John Riecke was on his bike, which he rides for work, but Monday, it was a trip to the dentist.
"I think they're in their cars just shivering. You know, trying to get where they're going. They probably don't notice me," he said about drivers. It's only a 10-minute drive from where he lives into town and a car would not warm up much, so he views a bike trip as not much different.
"On packed snow like this, it's actually not bad at all. Wider tires make it a little easier but as you're taking your time and you're not trying to zoom around corners, you're OK," Riecke said.
Outside a restaurant, Jaden Wright rolled supplies down the steep ramp on the truck he drives and delivered goods. He had just finished delivering 300 cases of water. His dolly holds about 10 at a time.

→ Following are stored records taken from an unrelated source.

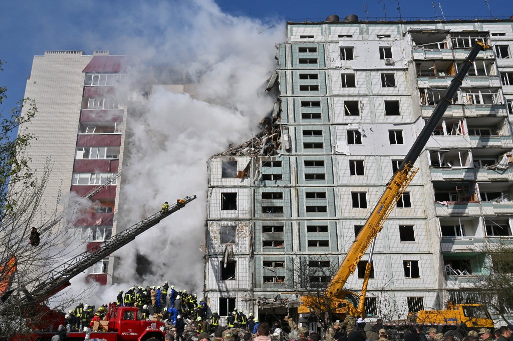 In Uman, a central city of 80,000 inhabitants, a video broadcast by Ukrainian media showed a gutted apartment building, rubble strewn around it.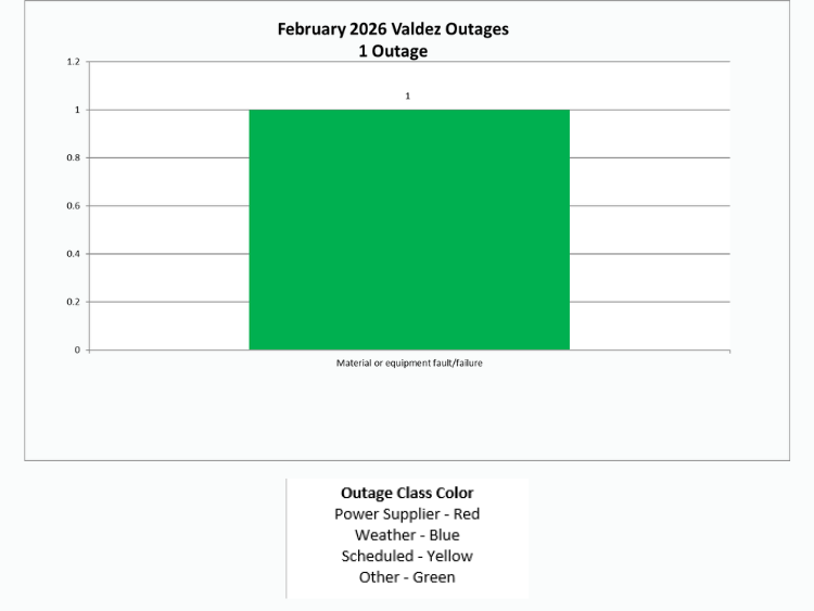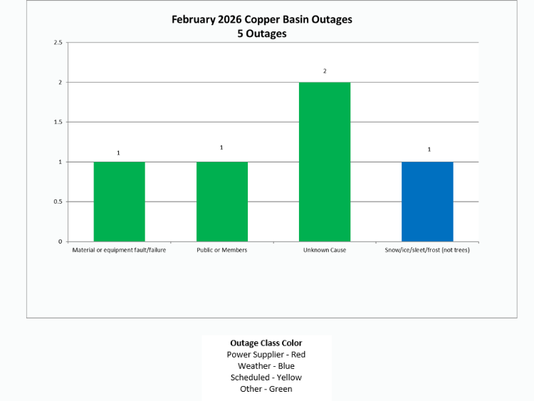 The graphs below show the number of outages for February 2026. They are organized by District, and by cause. These graphs will be updated each month to show the outages for that month.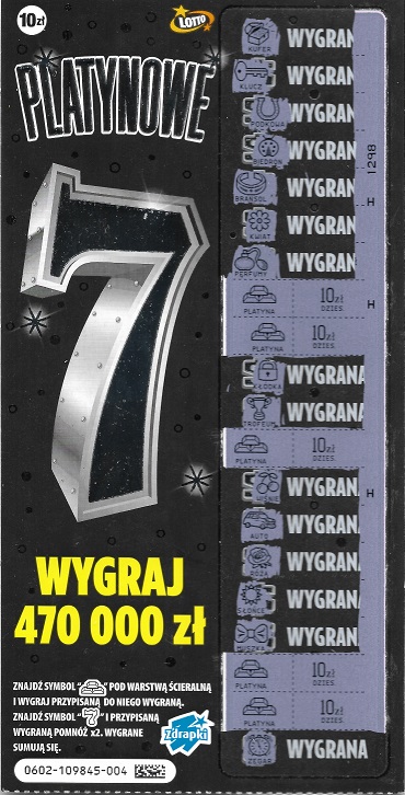 Zakupiłem 5 sztuk . Gorsza trzczionka i ta platyna się zlewa z innymi i przeoczyłem tą platynę i tylko kontrolne pokazały że jest wygrana . Trafiłem 20 i 10 zł. Powiem tak dużo gorsza od bonusa 7 .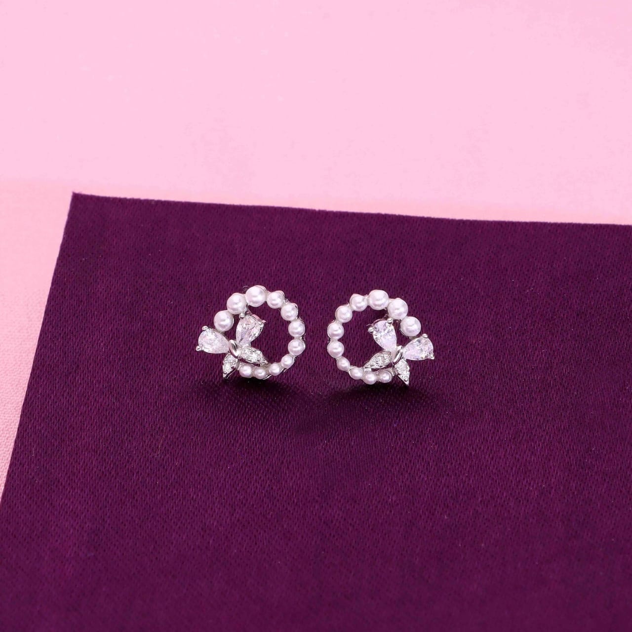 Pink Pave Heart EarringsSterling Silver Charming Pearl Butterfly Earrings

"It's just straight down just no brakes, kind of just praying I get to the bottom," he laughed. Getting out of the warm truck and into the cold and back again is a sharp change. He had thin coats, but one was heated.
"Sweating underneath. On the outside I'm freezing," he said.
A few blocks away, Luis Diaz was delivering food for Jimmy John's on his bicycle.
"That's what I get for trying to be the funny guy in class instead of studying. So now here I am," laughed Diaz. "Although it's slippery and dangerous, it's kind of nice because less traffic. There's less people you know."
His bike had thin tires, but he kept his bike with heavier tires for fun: "I'm trying to stay on the street, but this brown sugary snow is very, very slippery, so there's no traction."
Diaz said he likes the quiet of a winter day and doesn't feel the need to complain at all: "If I'm complaining on the first bad day of winter then I have a heck of a winter ahead."